LA GRAINE ET LE MULET de Abdellatif Kechiche (2007)

Slimane est ouvrier sur un chantier naval à Sète. Alors qu’il est proche de la retraite, il est soudainement  licencié. Avec ses économies, il décide de retaper un vieux bateau pour en faire un restaurant avec, à la carte, sa spécialité : le couscous de poisson.
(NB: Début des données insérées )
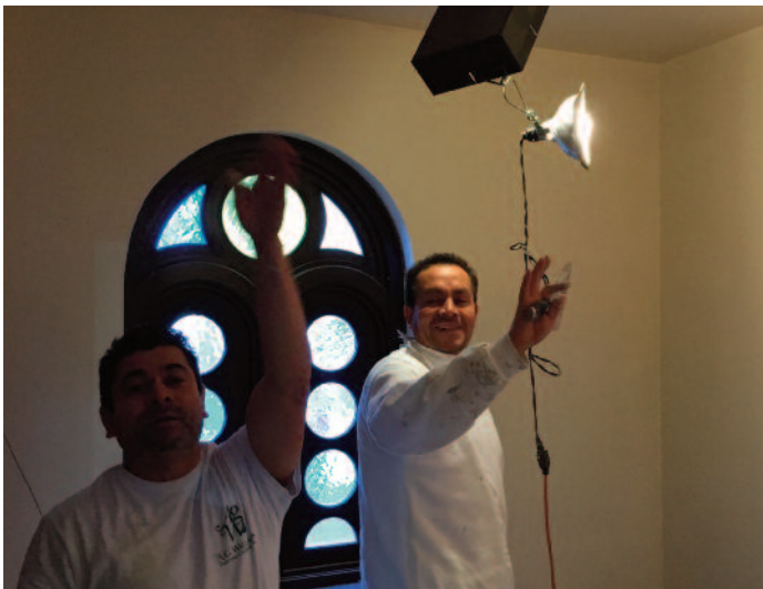
Painting the Sacristy (Dec 27)
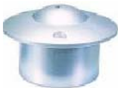
BC-UFO4008: B/W Ceiling Camera, 0.1 Lux, 400 TV Lines, Cone Type
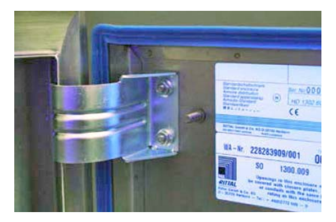
Figure 14: After the test has been performed on an HD enclosure, all the contamination is removed without leaving any residues.
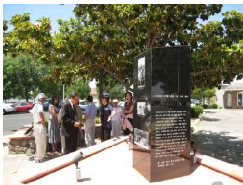
The group at the March 1 movement memorial in Dinuba
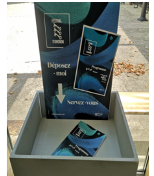
Programme reuse bin, 2025
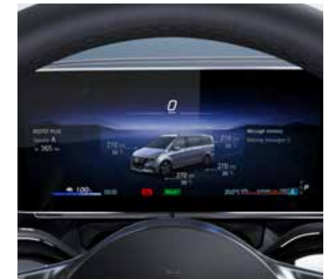
Tyre Pressure Monitoring System
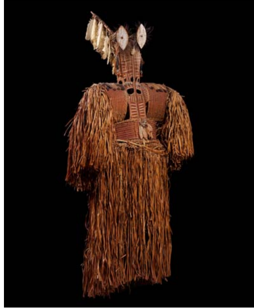
Figure 5. Spirit mask costume ( doroe, dekewar ) for jipae festival, 20 th century New Guinea, West Papua, Asmat people. Jolika Collection of New Guinea Art, Fine Arts Museums of San Francisco, 2007.44.17.

The Asmat believe that the dead do not immediately leave the earth and while they linger there is the potential for danger. 5 The jipae ceremony takes place every few years to commemorate important people who have passed away since the last ceremony and to rid their spirits.

Un fils introuvable, une course poursuite improbable pour récupérer une moto, un couscous qui ne vient pas… Jusqu’au bout, Abdellatif Kechiche s’amuse à tourmenter son héros comme il aime titiller l’impatience du spectateur. La Graine et le mulet est un jeu de piste menant vers quelque chose d’irrémédiablement insaisissable. Déjà L’Esquive était animé par un même motif chimérique : Krimo, ado amoureux mais soupirant introverti s’aventurait dans le Jeu de l’amour et du hasard de Marivaux pour séduire tant bien que mal sa dulcinée. Ici, tout comme Krimo, Slimane personnage taciturne, entretient un dialogue désaccordé avec le reste du monde. Mais si face à l’administration, son mutisme est un obstacle à son projet, il peut aussi être un savoureux refuge. Notamment face à une famille qui n’existe plus que par ses cris et ses reproches. Contre une ex-femme jalouse, les crises d’une belle-fille trompée, le mépris des fils trop bien intégrés pour porter de l’attention à leur vieux père, Slimane oppose un silence nécessaire et implacable. Une bulle de sérénité d’une force incroyable même si elle est, chaque fois, malmenée par le suspense du film. Seule Rym (Afsia Herzy), la fille de sa nouvelle compagne, parvient à atteindre cet homme mystérieux et grave. Entre cette graine et ce mulet, il y a une complicité rare, un dialogue vibrant et poétique. La jeune fille agit comme un catalyseur dans la vie de Slimane, elle est une porte d’accès vers un ailleurs plus enviable. Rym, personnage libre, pleine de vie, dont la gourmandise éclate avec bonheur à l’écran, porte ce très beau film de toute sa fraîcheur. Abdellatif Kechiche signe là une petite merveille, une oeuvre à la fois puissante et délicate.